Cookies disclaimer

Our site saves small pieces of text information (cookies) on your device in order to deliver better content and for statistical purposes. You can disable the usage of cookies by changing the settings of your browser. By browsing our website without changing the browser settings you grant us permission to store that information on your device.

By continuing to use VariantValidator you also accept our Terms and Conditions. I agree

Batch Tool Help

Using the VariantValidator Batch Tool to validate variant descriptions

VariantValidator Logo

The basic steps:

VariantValidator is a web-based tool that allows the checking of human genome sequence variant descriptions for compliance with the HGVS Variant Nomenclature. Variants can be checked individually or multiple variant descriptions can be checked simultaneously by submitting them to the Batch Validator.

Variant descriptions are pasted into the Input Variant Descriptions data entry box with one description per line. Instructions are provided on-screen. Validation can be limited to a particular gene or genes. This is particularly useful if you have a long list of variants that are expressed in the context of genome coordinates, but only those that fall into a particular gene or genes are of interest. HGNC gene symbols are used to impose gene search limits and the input is not case-sensitive. The results are returned to you by email, so you must enter a valid email address. Finally, you must select a genome build (GRCh38 or GRCh37) to allow the validation of variant descriptions, such as 17-50198002-C-A or chr17:50198002C>A, where the appropriate genome build cannot be deduced from the description itself. Needless to say, it's not possible to simultaneously submit a mix of variant descriptions from both genome builds.

Formatting the data for validation

The ideal method is to use a plain text editor. Use of a word processor is not recommended because of the potential to carry over non-valid characters from your list of variant descriptions into the input box. VariantValidator has been designed to strip out invalid characters but it is better to avoid them being there in the first place. Copying variant descriptions directly from journal articles and from computer screens can be equally problematic.

Note: It is vitally important that there be no trailing "invisible" characters, such as spaces or tabs, immediately after a variant description. The presence of such characters can result in the submission of a blank variant description which will return a "Variant description is not in an accepted format" warning at the end of the batch validator output.
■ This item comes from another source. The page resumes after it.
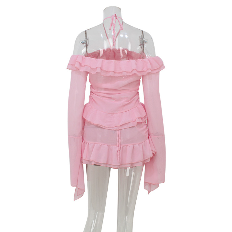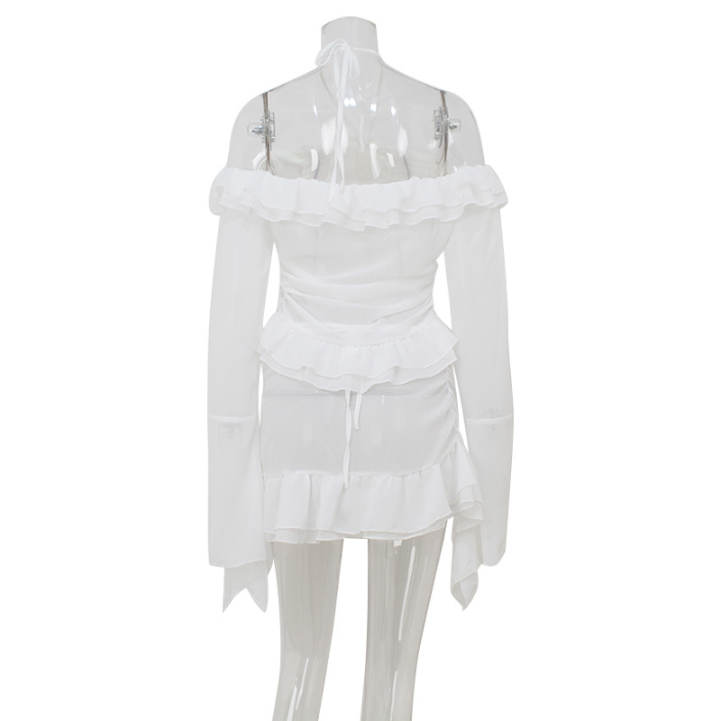 유럽과 미국의 국경 여성 의류 여름 새로운 패션 우아한 트럼펫 소매 귀 테두리 최고 틈새 디자인 짧은 치마 세트스토어 가기

We are aware of this problem and will apply a software patch as soon as possible to handle the issue.

A short list of valid variant descriptions might look like this:

NM_000088.3:c.589G>T
NC_000017.10:g.48275363C>A
NG_007400.1:g.8638G>T
LRG_1:g.8638G>T
LRG_1t1:c.589G>T
17-50198002-C-A
chr17:50198002C>A

Note that the final two variant descriptions are in the context of GRCh38. It's also worth noting that each of these seven variant descriptions is valid and should return no error messages.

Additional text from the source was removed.